**Activity:** Give back each line of the data exactly as it reads, minus the pictures.

**Data extract:**

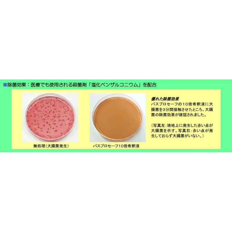 医療でも使用されている安全性の高い殺菌剤(塩化ベンザルコニウム)を配合しており、浴室内を安全・清潔に保ちます。
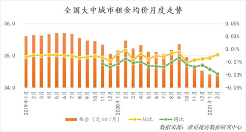 房訊網(wǎng)訊 據(jù)諸葛找房4日發(fā)布的2月全國大中城市租金均價(jià)報(bào)告,隨著疫情的陰霾逐漸褪去,租賃市場需求逐漸回升,開始呈現(xiàn)回溫跡象。數(shù)據(jù)顯示,2021年2月,全國大中城市租金掛牌均價(jià)為34.46元/平方米/月,環(huán)比上漲0.15%,本月租金水平止跌轉(zhuǎn)漲。
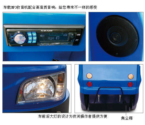| ·本系列电动驾驶式扫地车是一款设计紧凑、操控灵活的清扫设备,适用于:厂区重尘或较大区域的清扫工作(如马路、广场、矿山、机场旅游景点等)。 ·电动作业,无噪音、无废气排放。 ·拥有手动倾倒垃圾、垃圾自卸以及驾驶室垃圾自卸等多种型号可供选择。 ·后抛式垃圾收集系统,可快捷有效的清除较大垃圾和杂物。 ·全钢支架地盘,高分子纤维外壳坚固美观,且易于清理。 ·独特的喷淋系统设计具有喷淋、降尘功能,保证了机器在作业过程中无二次扬尘,为操作者提供了良好的工作环境。 ·MP3收音播放机配合高音质音响,为操作者提供愉悦的工作环境。 ·档位器和油门设计均与汽车原理相同,操作起来如驾车一般舒适。
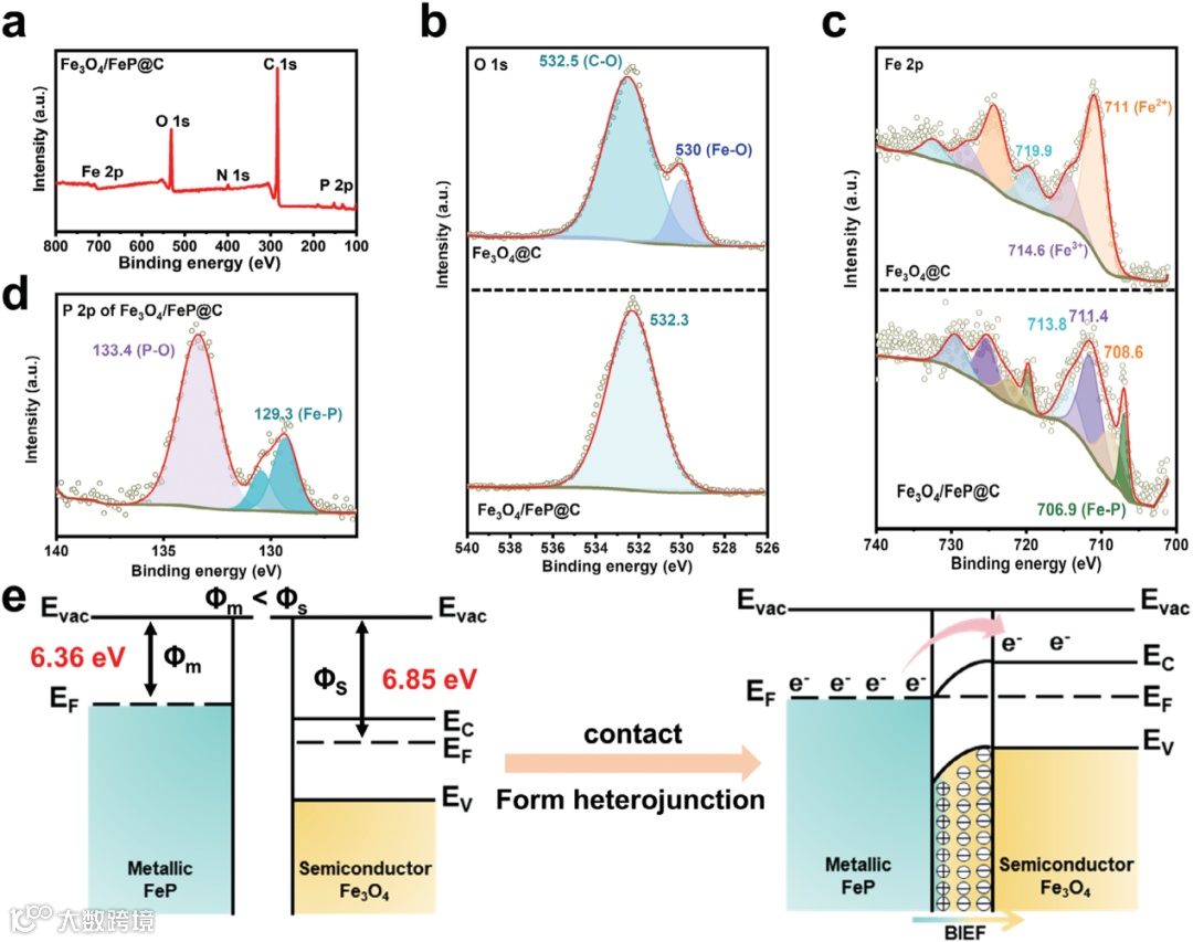 图3. Fe3O4/FeP@C纳米反应器的XPS图谱及内建电场结构示意图

**Response to the task:**
 医療でも使用されている安全性の高い殺菌剤(塩化ベンザルコニウム)を配合しており、浴室内を安全・清潔に保ちます。
 房訊網(wǎng)訊 據(jù)諸葛找房4日發(fā)布的2月全國大中城市租金均價(jià)報(bào)告,隨著疫情的陰霾逐漸褪去,租賃市場需求逐漸回升,開始呈現(xiàn)回溫跡象。數(shù)據(jù)顯示,2021年2月,全國大中城市租金掛牌均價(jià)為34.46元/平方米/月,環(huán)比上漲0.15%,本月租金水平止跌轉(zhuǎn)漲。
| ·本系列电动驾驶式扫地车是一款设计紧凑、操控灵活的清扫设备,适用于:厂区重尘或较大区域的清扫工作(如马路、广场、矿山、机场旅游景点等)。 ·电动作业,无噪音、无废气排放。 ·拥有手动倾倒垃圾、垃圾自卸以及驾驶室垃圾自卸等多种型号可供选择。 ·后抛式垃圾收集系统,可快捷有效的清除较大垃圾和杂物。 ·全钢支架地盘,高分子纤维外壳坚固美观,且易于清理。 ·独特的喷淋系统设计具有喷淋、降尘功能,保证了机器在作业过程中无二次扬尘,为操作者提供了良好的工作环境。 ·MP3收音播放机配合高音质音响,为操作者提供愉悦的工作环境。 ·档位器和油门设计均与汽车原理相同,操作起来如驾车一般舒适。
 图3. Fe3O4/FeP@C纳米反应器的XPS图谱及内建电场结构示意图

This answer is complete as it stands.